__Work to be completed__:
In the records below, the line containing "从辽宁、吉林、黑龙江、河北等" marks the start. Copy that line and everything after it exactly, through the last line.

· · · · · · ·

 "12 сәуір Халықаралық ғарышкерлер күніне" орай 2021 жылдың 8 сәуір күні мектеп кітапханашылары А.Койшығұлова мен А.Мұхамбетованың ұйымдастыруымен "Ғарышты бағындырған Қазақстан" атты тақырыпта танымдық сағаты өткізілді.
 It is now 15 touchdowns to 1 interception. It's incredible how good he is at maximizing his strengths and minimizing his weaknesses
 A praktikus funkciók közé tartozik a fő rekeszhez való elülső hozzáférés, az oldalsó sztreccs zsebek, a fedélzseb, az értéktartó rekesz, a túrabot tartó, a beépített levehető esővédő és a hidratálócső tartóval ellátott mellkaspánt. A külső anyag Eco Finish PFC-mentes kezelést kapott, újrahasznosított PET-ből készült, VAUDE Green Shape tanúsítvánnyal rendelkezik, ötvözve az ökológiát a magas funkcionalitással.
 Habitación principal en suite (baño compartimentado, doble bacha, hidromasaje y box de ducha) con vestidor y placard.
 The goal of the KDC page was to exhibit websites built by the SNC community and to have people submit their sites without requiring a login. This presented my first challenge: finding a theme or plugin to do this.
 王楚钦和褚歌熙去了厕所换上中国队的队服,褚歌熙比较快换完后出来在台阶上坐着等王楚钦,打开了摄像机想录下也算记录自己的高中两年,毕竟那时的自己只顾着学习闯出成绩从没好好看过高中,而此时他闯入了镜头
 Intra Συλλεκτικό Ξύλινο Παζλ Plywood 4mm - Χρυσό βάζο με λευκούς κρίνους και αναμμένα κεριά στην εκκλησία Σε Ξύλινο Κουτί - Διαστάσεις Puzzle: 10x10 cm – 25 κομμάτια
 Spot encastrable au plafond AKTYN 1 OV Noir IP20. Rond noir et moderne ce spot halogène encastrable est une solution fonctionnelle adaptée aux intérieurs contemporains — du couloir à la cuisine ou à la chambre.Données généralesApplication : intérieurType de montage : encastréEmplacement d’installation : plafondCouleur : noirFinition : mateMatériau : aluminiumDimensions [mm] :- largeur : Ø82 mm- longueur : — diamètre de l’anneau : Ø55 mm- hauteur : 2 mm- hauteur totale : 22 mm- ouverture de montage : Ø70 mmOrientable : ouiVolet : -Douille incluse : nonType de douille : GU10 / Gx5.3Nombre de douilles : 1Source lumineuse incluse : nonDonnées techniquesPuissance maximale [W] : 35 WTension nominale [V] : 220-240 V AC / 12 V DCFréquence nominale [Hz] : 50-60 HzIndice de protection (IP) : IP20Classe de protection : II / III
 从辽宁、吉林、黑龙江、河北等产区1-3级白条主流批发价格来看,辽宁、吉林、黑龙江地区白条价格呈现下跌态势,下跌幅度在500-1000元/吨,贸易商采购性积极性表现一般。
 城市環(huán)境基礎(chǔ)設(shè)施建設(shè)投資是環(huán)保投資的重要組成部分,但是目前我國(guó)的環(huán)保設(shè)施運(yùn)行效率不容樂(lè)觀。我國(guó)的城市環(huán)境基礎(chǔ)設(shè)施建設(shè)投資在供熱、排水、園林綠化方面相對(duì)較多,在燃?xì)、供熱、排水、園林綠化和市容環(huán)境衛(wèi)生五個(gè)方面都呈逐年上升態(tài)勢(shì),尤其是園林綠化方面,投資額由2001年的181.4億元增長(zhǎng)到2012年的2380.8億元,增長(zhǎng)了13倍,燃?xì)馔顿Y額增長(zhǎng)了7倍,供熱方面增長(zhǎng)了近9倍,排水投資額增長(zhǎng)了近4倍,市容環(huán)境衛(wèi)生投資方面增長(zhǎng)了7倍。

· · · · · · ·

__Response box__:
 从辽宁、吉林、黑龙江、河北等产区1-3级白条主流批发价格来看,辽宁、吉林、黑龙江地区白条价格呈现下跌态势,下跌幅度在500-1000元/吨,贸易商采购性积极性表现一般。
 城市環(huán)境基礎(chǔ)設(shè)施建設(shè)投資是環(huán)保投資的重要組成部分,但是目前我國(guó)的環(huán)保設(shè)施運(yùn)行效率不容樂(lè)觀。我國(guó)的城市環(huán)境基礎(chǔ)設(shè)施建設(shè)投資在供熱、排水、園林綠化方面相對(duì)較多,在燃?xì)、供熱、排水、園林綠化和市容環(huán)境衛(wèi)生五個(gè)方面都呈逐年上升態(tài)勢(shì),尤其是園林綠化方面,投資額由2001年的181.4億元增長(zhǎng)到2012年的2380.8億元,增長(zhǎng)了13倍,燃?xì)馔顿Y額增長(zhǎng)了7倍,供熱方面增長(zhǎng)了近9倍,排水投資額增長(zhǎng)了近4倍,市容環(huán)境衛(wèi)生投資方面增長(zhǎng)了7倍。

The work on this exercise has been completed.